CONCERT – Le Stabat Mater trouve chez Dvoràk une lecture d’une intensité particulière, portée en musique par le directeur musical résidant de Flagey, Kazushi Ono à la tête du Philharmonique de Bruxelles. La salle est comble, tout autant que la scène qui accueille le Vlaams Radio Choir et l’Octopus Symphonic Choir, soit une centaine de chanteurs en compagnie de quatre solistes.

C’est la première fois que Kazushi Ono réunit toute la famille du Philharmonique pour faire entendre l’opus triomphant de passion de Dvorak.

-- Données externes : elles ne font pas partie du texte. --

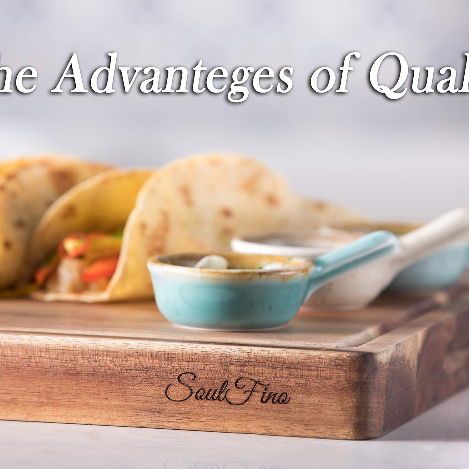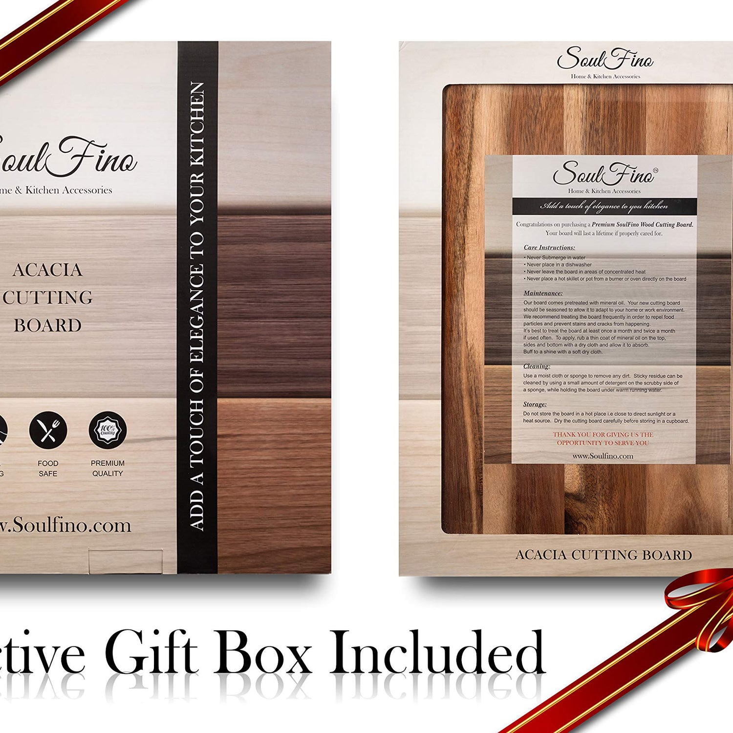 - ✅ Outstanding Quality – SoulFino has a full line of high quality, natural wood cutting boards, including maple wood and bamboo chopping boards. Check our storefront for more. Acacia is a great kitchen choice, unlike plastic or synthetic materials. Acacia is a very attractive wood, with distinctive color and grain patterns that make a definitive style impact. Great buy for cool kitchen stuff, a bridal shower present, wedding present, or a housewarming gift.

Le Stabat Mater : kesako ?

Tiré d’écrits mystérieux et d’un poème médiéval en 20 strophes de trois lignes dont la paternité reste inconnue (d’un moine franciscains ou bien de Jacopene da Todi), le texte témoigne d’une histoire aux carrefour des temps : la perte tragique d’un enfant, symbolisée par la Vierge Marie, mère de Jésus, se tenant debout (stabat mater, en Latin) au pied de la croix où agonise son fils.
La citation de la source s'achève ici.